┌─ Given data

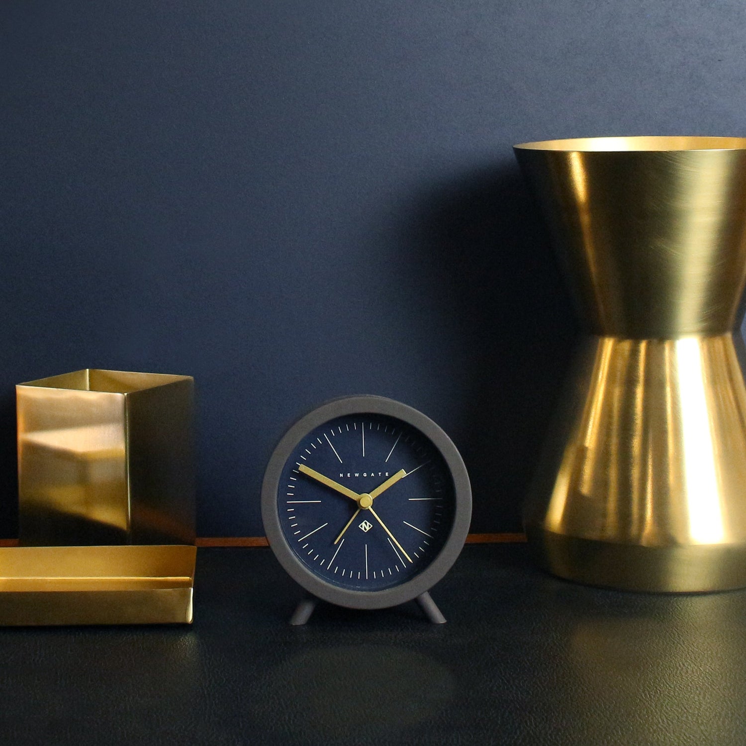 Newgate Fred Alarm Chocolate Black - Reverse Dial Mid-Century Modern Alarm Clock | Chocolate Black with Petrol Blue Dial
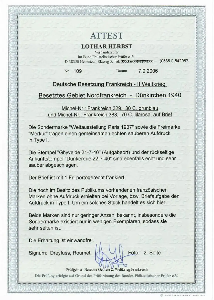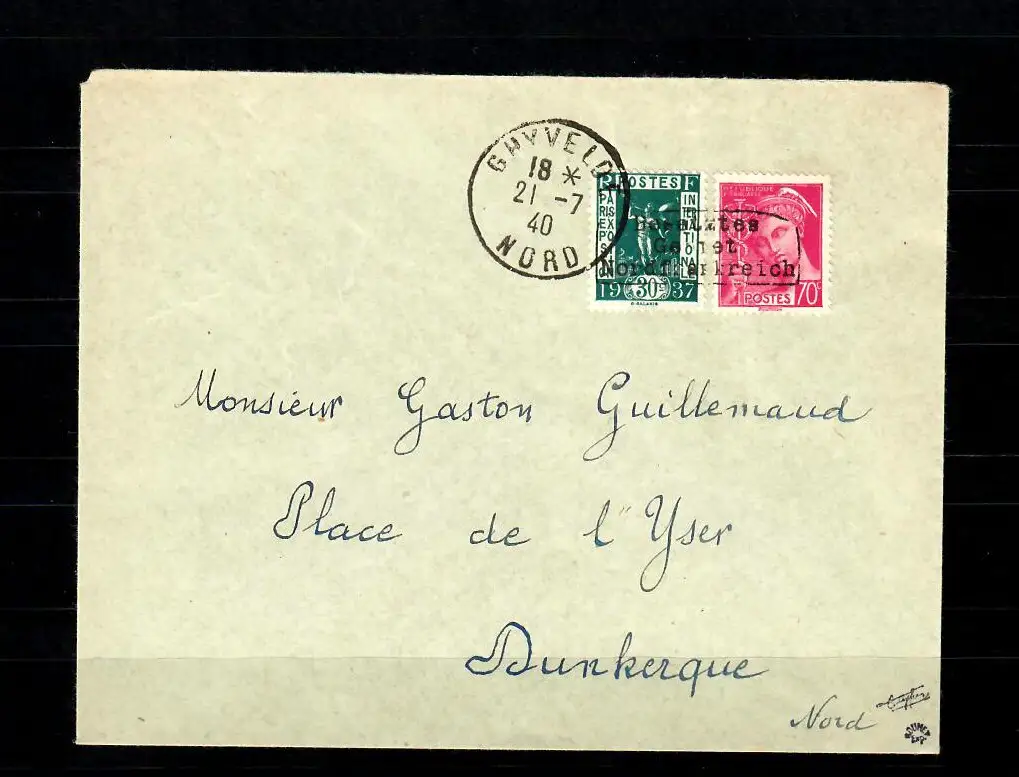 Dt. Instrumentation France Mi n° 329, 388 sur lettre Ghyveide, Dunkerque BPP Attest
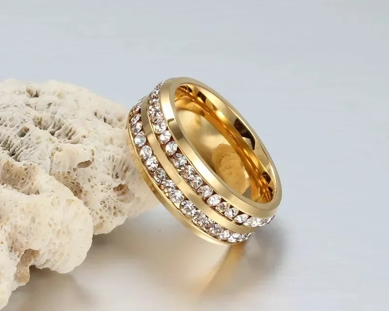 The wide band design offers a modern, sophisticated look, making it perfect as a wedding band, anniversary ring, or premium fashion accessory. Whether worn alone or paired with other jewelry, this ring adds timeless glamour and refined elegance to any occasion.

└─

- What you should do
What should appear is an exact reproduction of the lines from the one with "Dt. Instrumentation France" through the end of the material above, and no pictures.

- Response
 Dt. Instrumentation France Mi n° 329, 388 sur lettre Ghyveide, Dunkerque BPP Attest
 The wide band design offers a modern, sophisticated look, making it perfect as a wedding band, anniversary ring, or premium fashion accessory. Whether worn alone or paired with other jewelry, this ring adds timeless glamour and refined elegance to any occasion.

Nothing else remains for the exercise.